//! Astro-float (astronomically large floating point numbers) is a library that implements arbitrary precision floating point numbers.
//!
//! ## Introduction
//!
//! **Numbers**
//!
//!
//! The number is defined by the data type `BigFloat`.
//! Each finite number consists of an array of words representing the mantissa, exponent, and sign.
//! `BigFloat` can also be `Inf` (positive infinity), `-Inf` (negative infinity) or `NaN` (not-a-number).
//!
//!
//! `BigFloat` creation operations take bit precision as an argument.
//! Precision is always rounded up to the nearest word.
//! For example, if you specify a precision of 1 bit, then it will be converted to 64 bits when one word has a size of 64 bits.
//! If you specify a precision of 65 bits, the resulting precision will be 128 bits (2 words), and so on.
//!
//!
//! Most operations take the rounding mode as an argument.
//! The operation will typically internally result in a number with more precision than necessary.

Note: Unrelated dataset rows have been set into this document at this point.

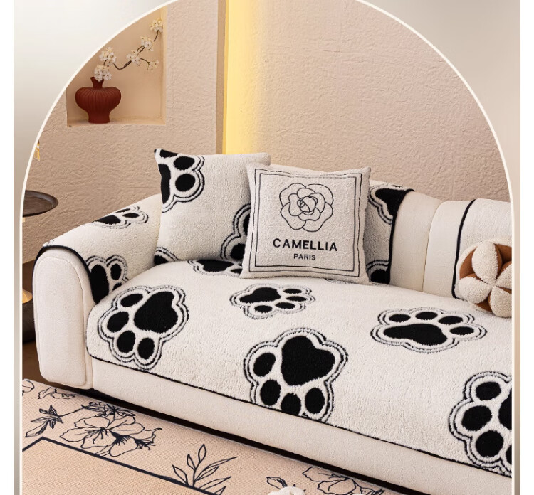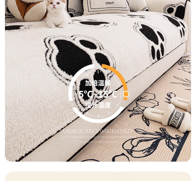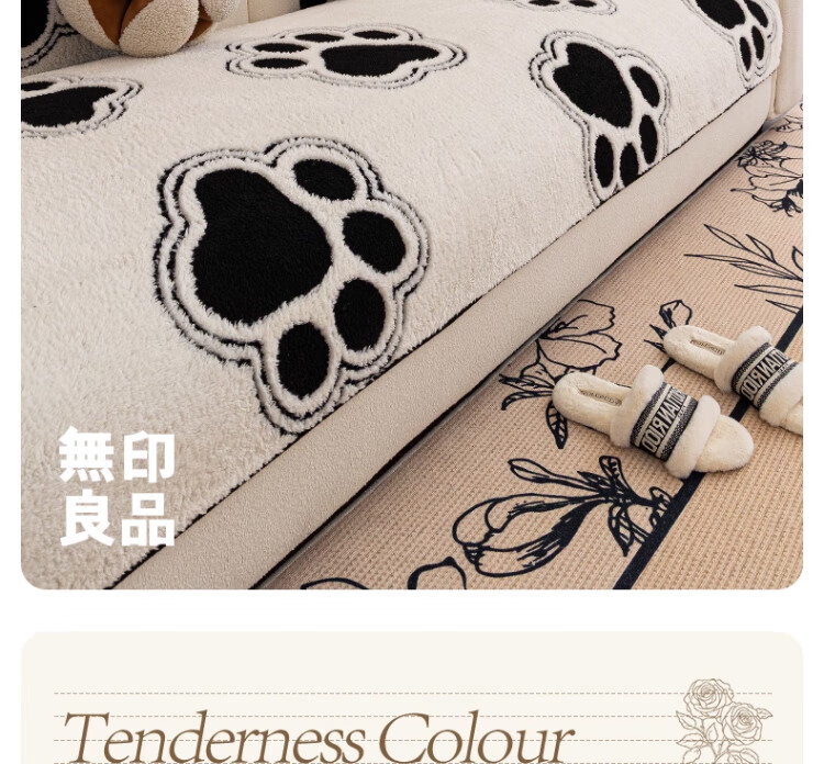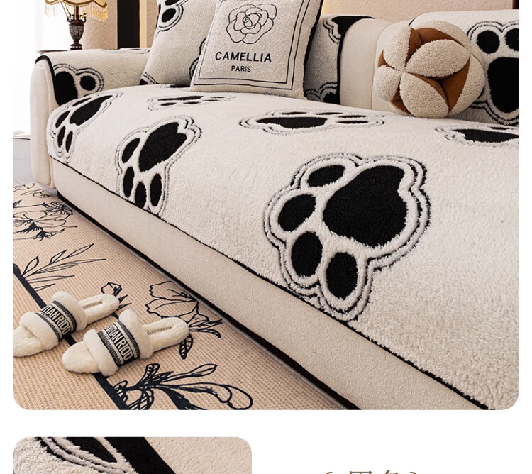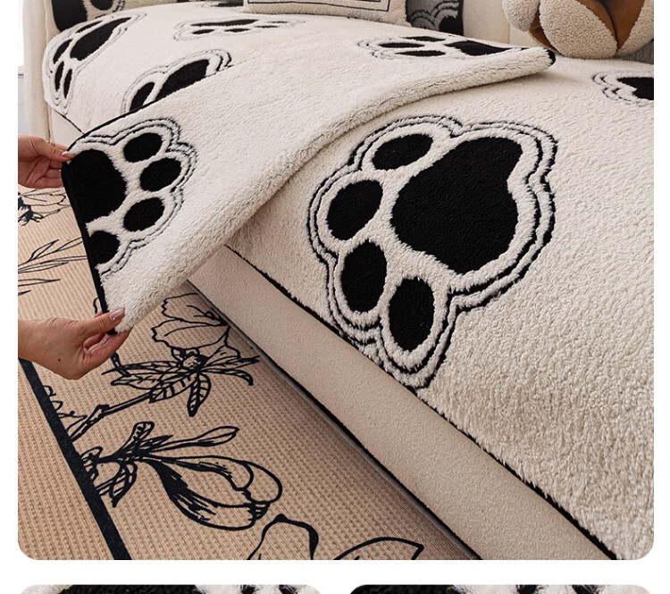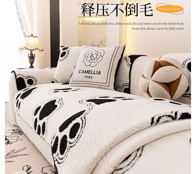 无印良品2025秋冬新款沙发垫毛绒高级感保暖蓄热沙发座垫盖布加厚防滑坐垫 旺旺爪-黑色【优质亲肤毛绒 撸猫感温暖体验】 70*70cm (可做扶手或靠背)
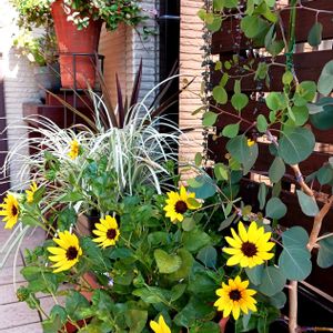 丸坊主✂にしたユーカリポポラスが一斉に新枝と葉っぱを展開中 この猛暑の中、流石のオージー気質✨ ヒマワリも負けじと咲いてます ハダニ被害を受けた葉っぱが痛々しいけども…
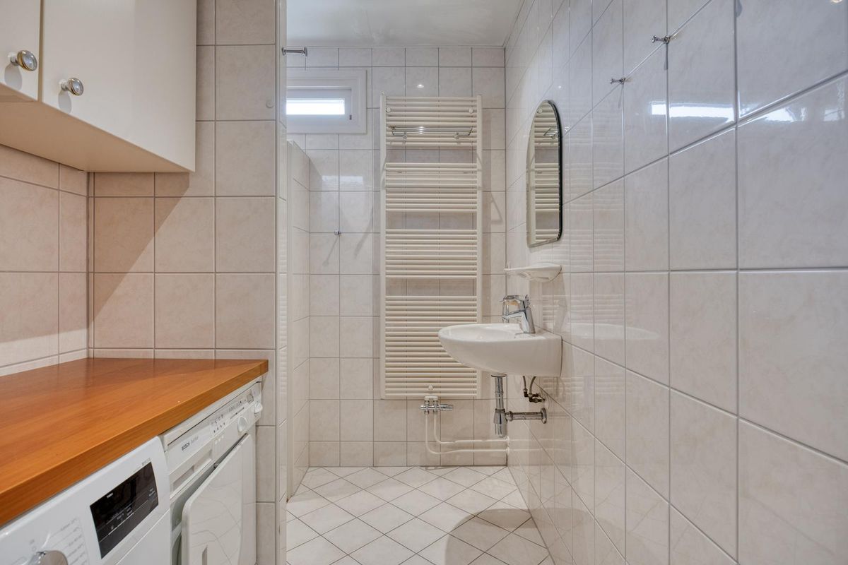 Doucheruimte, welke idem als toilet betegeld is, is v.v. douchecabine met thermokraan, wastafel met mengkraan, designradiator met daarboven een kunststof plafondafwerking met spotverlichting en mechanische ventilatie. Tevens zijn hier de witgoed aansluitingen met daarboven handige bovenkasten en een werkblad.
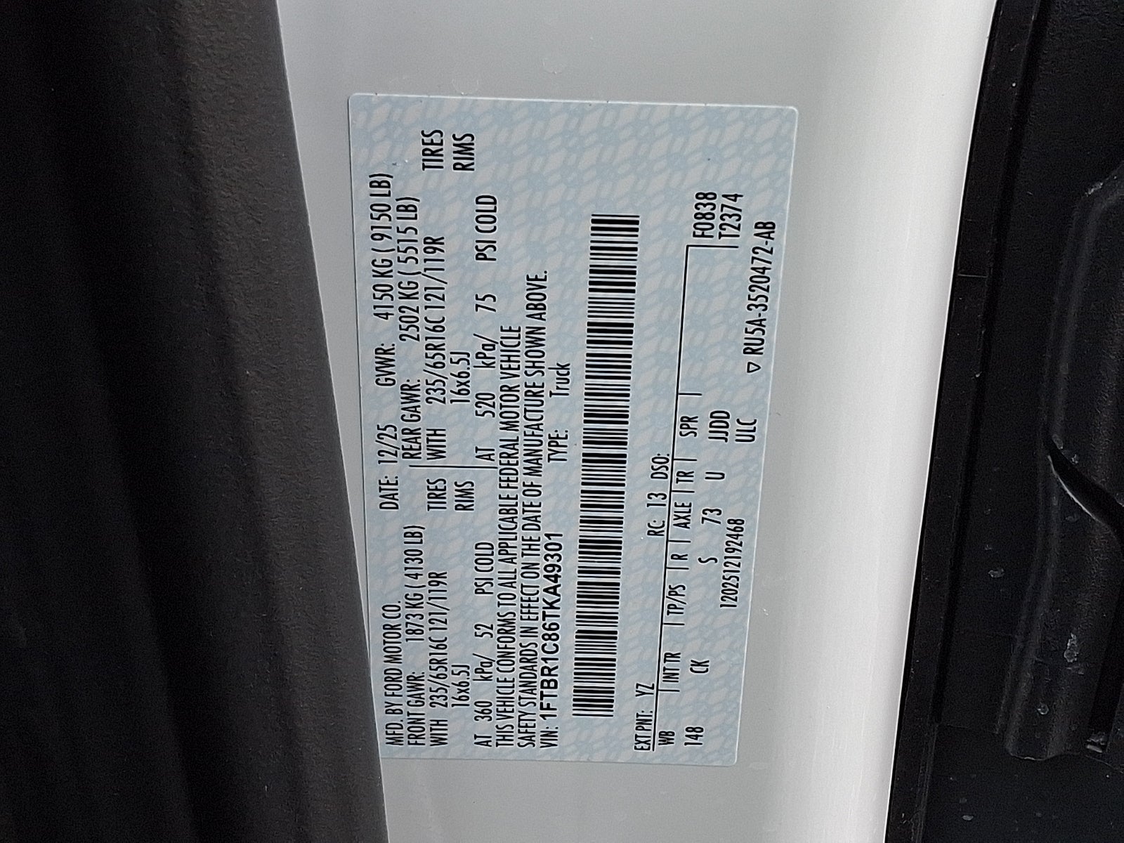 VIN: 1FTBR1C86TKA49301

//! Before the result is returned to the user, the result is rounded according to the rounding mode and reduced to the expected precision.
//!
//!
//! The result of an operation is marked as inexact if some of the bits were rounded when producing the result,
//! or if any of the operation's arguments were marked as inexact. The information about exactness is used to achieve correct rounding.
//!
//!
//! `BigFloat` can be parsed from a string and formatted into a string using binary, octal, decimal, or hexadecimal representation.
//!
//!
//! Numbers can be subnormal. Usually any number is normalized: the most significant bit of the mantissa is set to 1.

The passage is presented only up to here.